Podkrakowskie Balice chwalą się kolejnym rekordem. W pierwszym kwartale przyleciało i odleciało blisko 400 tys. osób - to aż o połowę więcej niż rok temu. Sukces już jest, ale nic więcej, gdyż nadal piętą achillesową lotniska jest komunikacja z centrum miasta – łatwiej do portu przylecieć niż do niego dojechać.

Nadal nie ma szybkiego i komfortowego połączenia Krakowa z Balicami. Pasażerowie samolotów nie chcą poruszać się komunikacją miejską - tylko co dziesiąty wybiera ten środek lokomocji. Nic dziwnego – co to za przyjemność podróżować w tłoku, na stojąco, a do tego z bagażem. Na lotnisko można zamówić taksówkę, ale jest ona bardzo droga, a taksówkarze mają swoje pomysły jak popsuć humor podróżnym.

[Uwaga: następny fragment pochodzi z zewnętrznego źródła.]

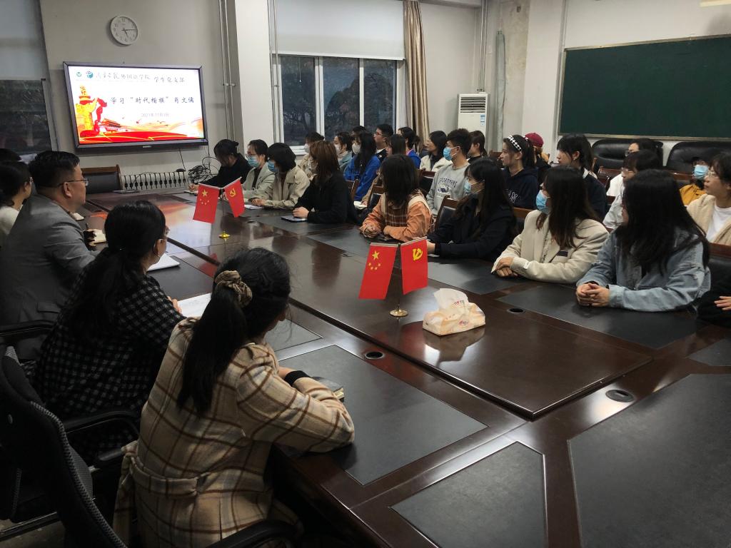 11月3日下午,完美(中国)一站式服务平台学生党支部全体党员在一楼会议室学习“时代楷模” 肖文儒的先进事迹。
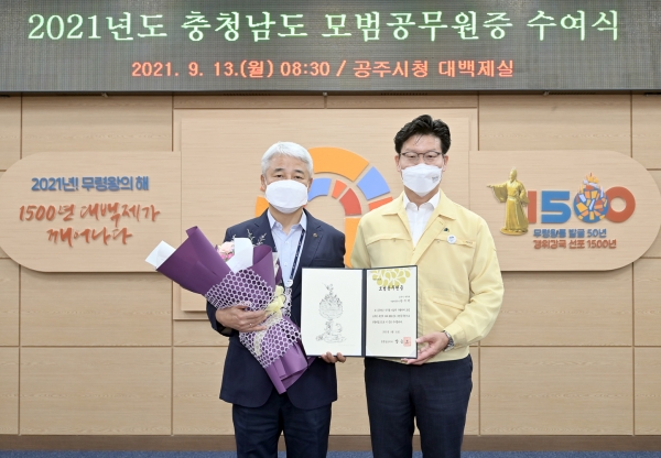 한 팀장은 13일 시청 대백제실에서 열린 2021년도 충청남도 모범공무원 표창장 수여식을 통해 김정섭 시장으로부터 표창장과 꽃다발을 받았다.
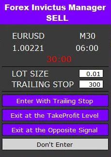 When the new signal is generated, Forex Invictus Manager pops on the screen, and all you have to do is click one button to enter the trade!
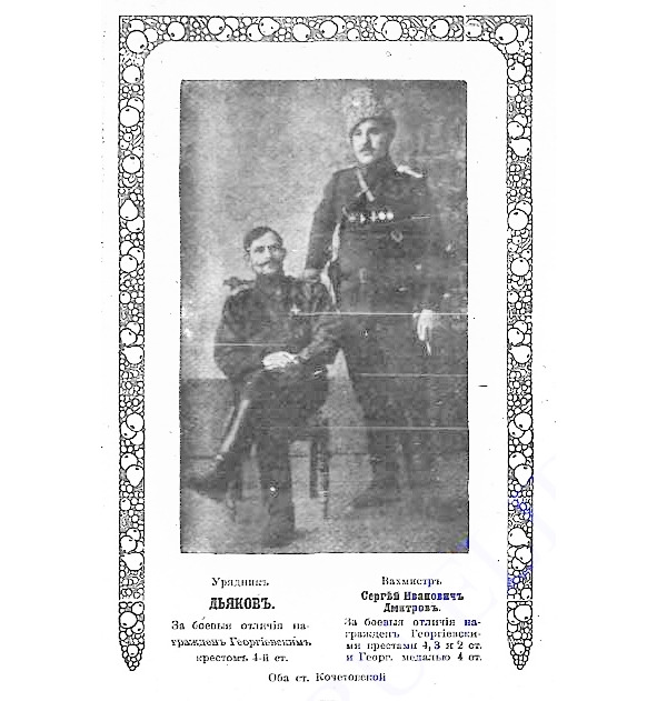 5897. МАЛЕЙЧЕНКО Николай Петрович (Терская область, Пятигорский отдел, стан. Лысогорской) — 1 Волгский каз. Его Императорского Высочества Наследника Цесаревича полк, 3 сотня, ст. урядник. Пожалован Георгиевским крестом 1 ст. №5897, от Имени Его Императорского Величества в память годовщины войны, как особо отличившийся в настоящую войну своей храбростью, мужеством и лихостью. Награждён ГК 3 ст. №72917: «За отличия, оказанные в делах против неприятеля». Награждён ГК 4 ст. №221553: «Награжден 20 (28).04.1915 Командующим 8-й армией Генерал-Адъютантом Брусиловым за проявленные им выдающиеся подвиги мужества и храбрости в боях с неприятелем». Имеет Георгиевские кресты [III-72917, IV-221553] *
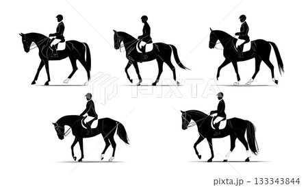 Black Solid Adjusting Saddle Position Horse Riding Silhouettes Set of Six on White Background
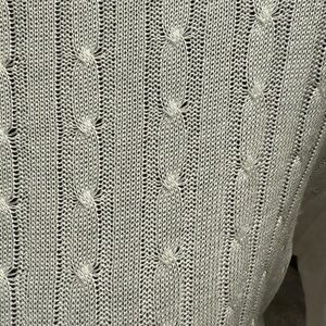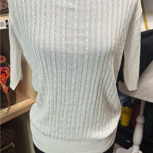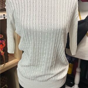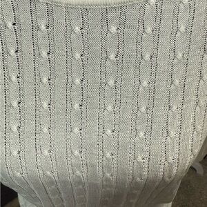Stay cozy and stylish with this elegant white cable knit sweater. Perfect for any occasion.
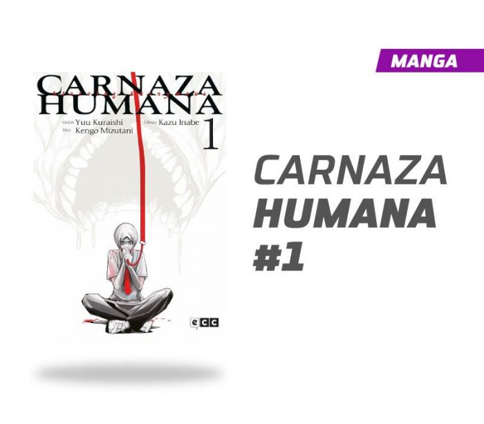 Manga Carnaza Humana número 1, publicado por la editorial Ecc en español, edición en pasta blanda, 208 páginas a blanco y negro.
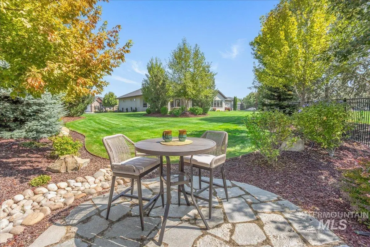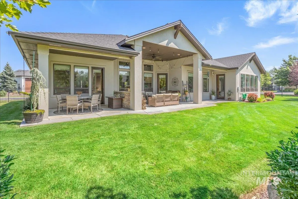 One of Eagle's most prestigious gated communities--Mace River Ranch Estates. Set on a spacious .63-acres, this custom-built single level home offers refined luxury with upgrades and designer touches throughout. Features soaring, 18 ft. ceilings with exposed hand-hewn wood beams and expansive great room, anchored by a stunning floor-to-ceiling stone gas fireplace and gorgeous wide-plank hardwood flooring throughout the main living spaces. The gourmet kitchen is a chef's dream, with top-of-the-line Wolf and Sub-Zero appliances, farmhouse sink, custom cabinetry, and generous storage. Retreat to the lavish primary suite featuring a double-sided gas fireplace shared with the spa-inspired upgraded bath with premium finishes including freestanding tub. Additional highlights include: Four-car garage with epoxy flooring & custom built-ins, outdoor BBQ, and full landscaping with new trees, new shrubs, fresh mulch, edging and existing fully fenced yard. Hunter Douglas electric shades & plantation shutters throughout. Upgraded security system, security lighting & 22kw Generac Generator. Central vac, two hot water heaters with recirculating hot water, reverse osmosis system & water softener. Mace River Ranch community amenities including a 40-acre nature preserve, tranquil water features, clubhouse & pool with direct access to the Boise River Greenbelt!

Pojawiło się jednak światełko w tunelu – podobno w drugiej połowie maja do Balic pojadą szynobusy. I tu jest jednak zgrzyt, ponieważ ostatnie pół km trzeba będzie pokonać na pieszo z ciężkimi walizkami, bo zabrakło torów.

Samo lotnisko gościnnością też nie grzeszy. Mimo że działa całą dobę, to po północy czynne są już tylko automaty z wodą.